PROBLEM. Keep images out and repeat all data exactly.

COLLECTED DATA.
*** Block opens ***
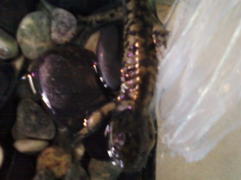 After looking at the pictures, it is as Kaysie and Justin stated. It needs to be moved to a terrestrial set up. The amount of water and lack of hides is definitely a contributing factor to the high stress levels of this animal.
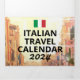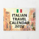 Um calendário para 2024 com feriados italianos. Este calendário é pequeno, pelo que é fácil carregar à mão. Perfeito para viajantes, nômadas digitais e visitantes de Itália.
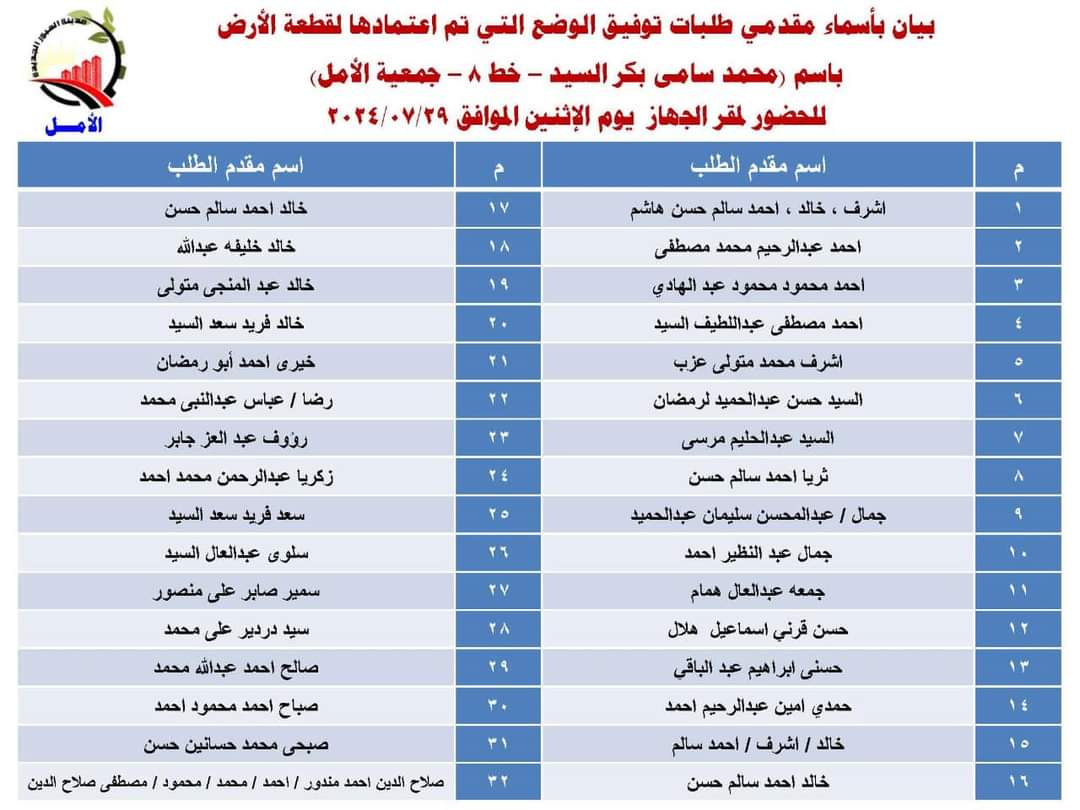 كشف جهاز مدينة العبور الجديدة عن استقبال دفعة جديدة من المواطنين، الذين تم اعتماد توفيق الأوضاع لأراضيهم بمنطقة الأمل التابعة للمدينة، لاستكمال إجراءات التقنين.
*** Block closes ***
SOLUTION FOR THIS PROBLEM.
 After looking at the pictures, it is as Kaysie and Justin stated. It needs to be moved to a terrestrial set up. The amount of water and lack of hides is definitely a contributing factor to the high stress levels of this animal.
 Um calendário para 2024 com feriados italianos. Este calendário é pequeno, pelo que é fácil carregar à mão. Perfeito para viajantes, nômadas digitais e visitantes de Itália.
 كشف جهاز مدينة العبور الجديدة عن استقبال دفعة جديدة من المواطنين، الذين تم اعتماد توفيق الأوضاع لأراضيهم بمنطقة الأمل التابعة للمدينة، لاستكمال إجراءات التقنين.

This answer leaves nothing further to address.